START Data for this exercise

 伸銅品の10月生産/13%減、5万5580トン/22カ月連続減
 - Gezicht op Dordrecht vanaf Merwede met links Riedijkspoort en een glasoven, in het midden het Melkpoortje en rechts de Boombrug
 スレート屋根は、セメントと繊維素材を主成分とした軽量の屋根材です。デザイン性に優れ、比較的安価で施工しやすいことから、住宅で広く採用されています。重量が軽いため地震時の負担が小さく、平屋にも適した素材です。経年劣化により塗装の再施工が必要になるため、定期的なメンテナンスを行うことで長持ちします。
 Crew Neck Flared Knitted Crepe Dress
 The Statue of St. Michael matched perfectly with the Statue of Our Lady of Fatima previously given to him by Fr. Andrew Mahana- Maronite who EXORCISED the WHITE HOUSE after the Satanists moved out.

END Data for this exercise
START Data for this exercise

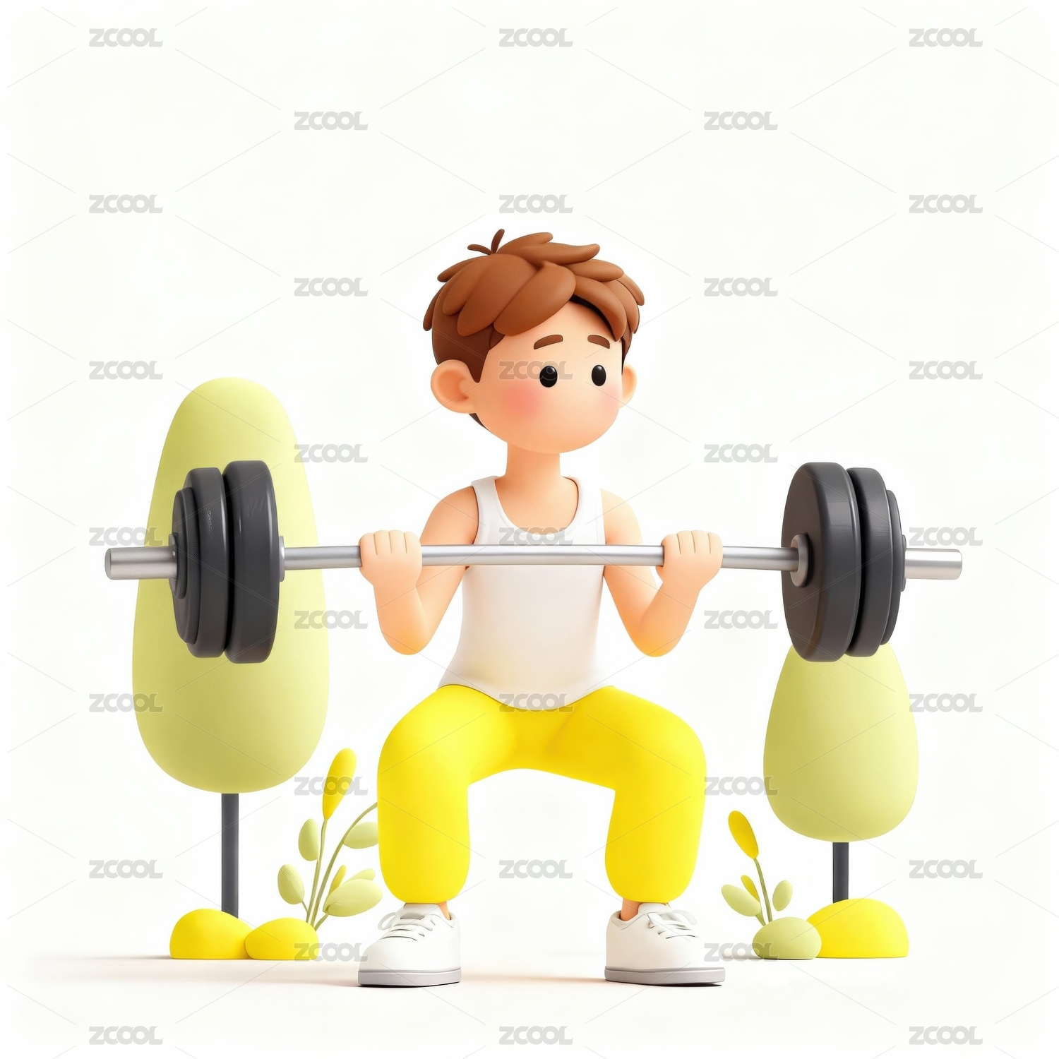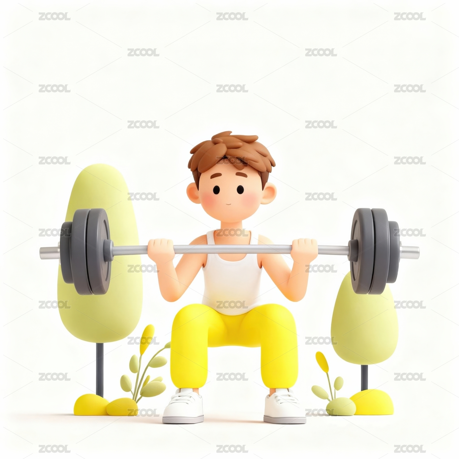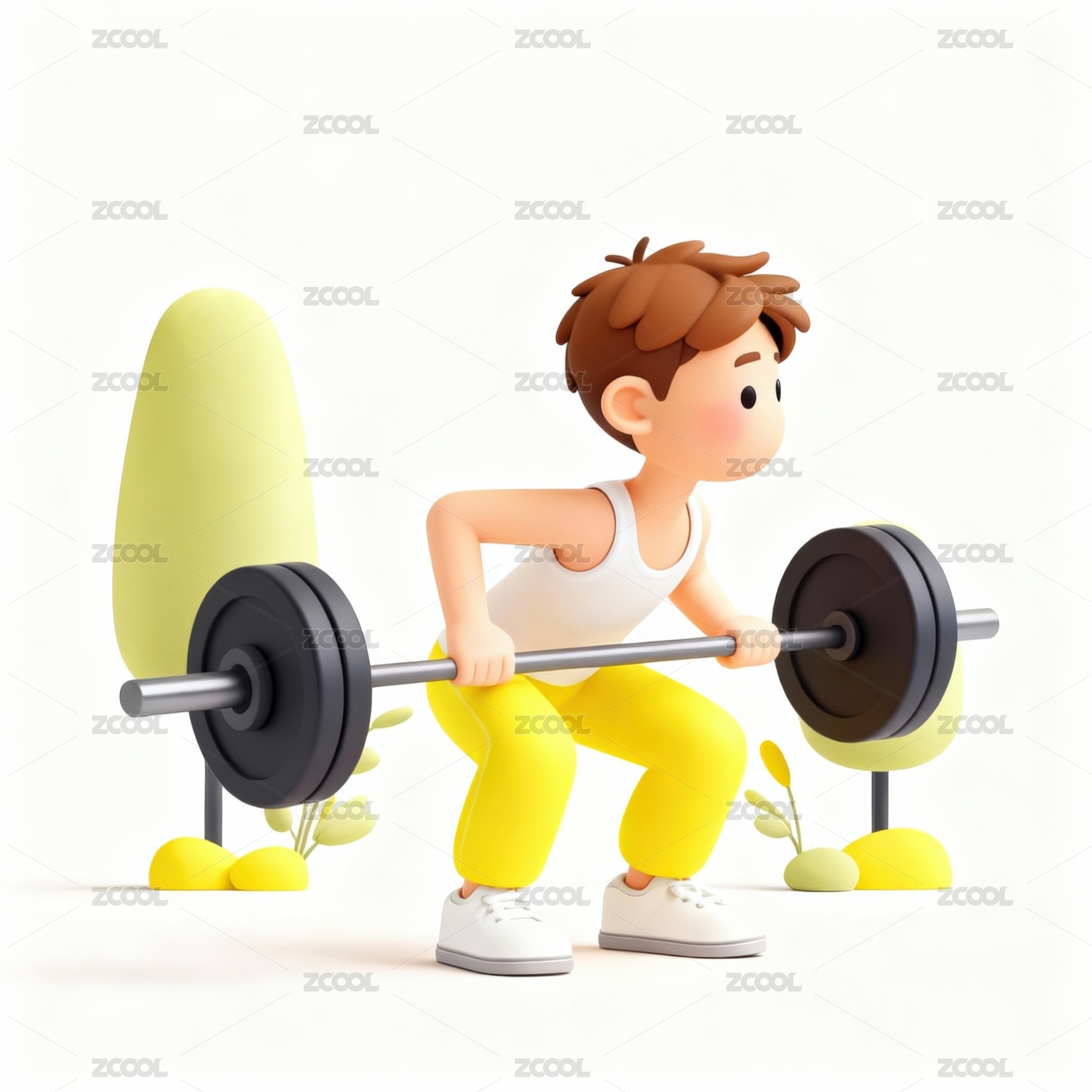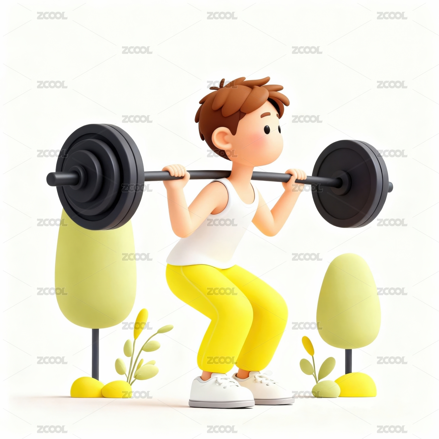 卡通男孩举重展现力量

END Data for this exercise
START Data for this exercise

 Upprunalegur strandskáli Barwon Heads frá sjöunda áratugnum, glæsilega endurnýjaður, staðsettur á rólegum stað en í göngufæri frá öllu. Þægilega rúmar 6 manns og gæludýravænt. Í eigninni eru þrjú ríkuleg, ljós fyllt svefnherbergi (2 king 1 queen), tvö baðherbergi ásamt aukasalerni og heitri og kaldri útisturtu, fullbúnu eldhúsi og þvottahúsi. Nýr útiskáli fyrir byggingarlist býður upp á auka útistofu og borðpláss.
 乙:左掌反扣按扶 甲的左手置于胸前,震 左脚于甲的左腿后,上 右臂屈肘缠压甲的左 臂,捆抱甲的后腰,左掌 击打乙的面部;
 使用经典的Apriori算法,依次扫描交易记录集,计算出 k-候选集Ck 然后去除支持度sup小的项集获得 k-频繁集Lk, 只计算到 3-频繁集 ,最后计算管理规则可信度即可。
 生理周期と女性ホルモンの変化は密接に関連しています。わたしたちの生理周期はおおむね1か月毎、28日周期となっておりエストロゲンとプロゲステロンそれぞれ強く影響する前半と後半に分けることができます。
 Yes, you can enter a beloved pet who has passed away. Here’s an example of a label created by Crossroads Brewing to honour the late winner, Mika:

END Data for this exercise

What is being asked: Write down again, exactly as given, only the lines above that fall from the line with "伸銅品の10月生産/13%減、5万5580トン/22カ月連続減" to the line with "- Gezicht op", inclusive.

Final answer:
 伸銅品の10月生産/13%減、5万5580トン/22カ月連続減
 - Gezicht op Dordrecht vanaf Merwede met links Riedijkspoort en een glasoven, in het midden het Melkpoortje en rechts de Boombrug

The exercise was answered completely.